Yesterday I was really scared... Super scaring... At work, I can feel that my head is heavy but reached home, it was even worse... My whole world is spinning... I felt nausea and almost blacked out... OMG!!! The feeling was soO unpredictable... U dun know what will happen next...Even though it was only 9+ pm, I quickly lie on my bed and sleep... Dun even want think about it...Luckily when I woke up today, I felt better... Guess must be going out too much last week... Therefore, maybe not enough sleep...Going to rest more this week... Recently, just not in the mood for work... The routine work... The routine paperwork... Everything is soO routine... It is getting bored...

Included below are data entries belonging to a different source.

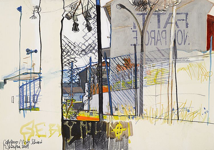 2009; Acryl, Bleistift, Farbstift, Collage auf Papier, 42 x 60 cm.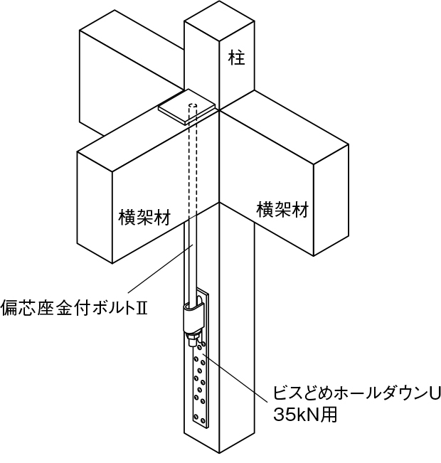 両引きボルトM16を用いてホールダウン金物同士を引き合うように施工してください。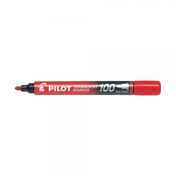 Pilot Pennarello indelebile Permanent Marker 100 con punta tonda di colore rosso.

One good new was I got 5 Zoo cards out of 10...Hahaha...SoO far the highest number of cards I got... It cannot be done without my colleagues... Thank you!!! Hahaha... I got like 9 of them to assist me to ballot for it... Will be going either on the 25 July or 26 July...
LELE!!! AH YI GOT THE ZOO CARDS!!! WE CAN GO TO THE ZOO ZOO ZOO!!! :)
"Not that there is no one understands you, it is yourself that u dun understand anymore... U confuse urself, confuse others..."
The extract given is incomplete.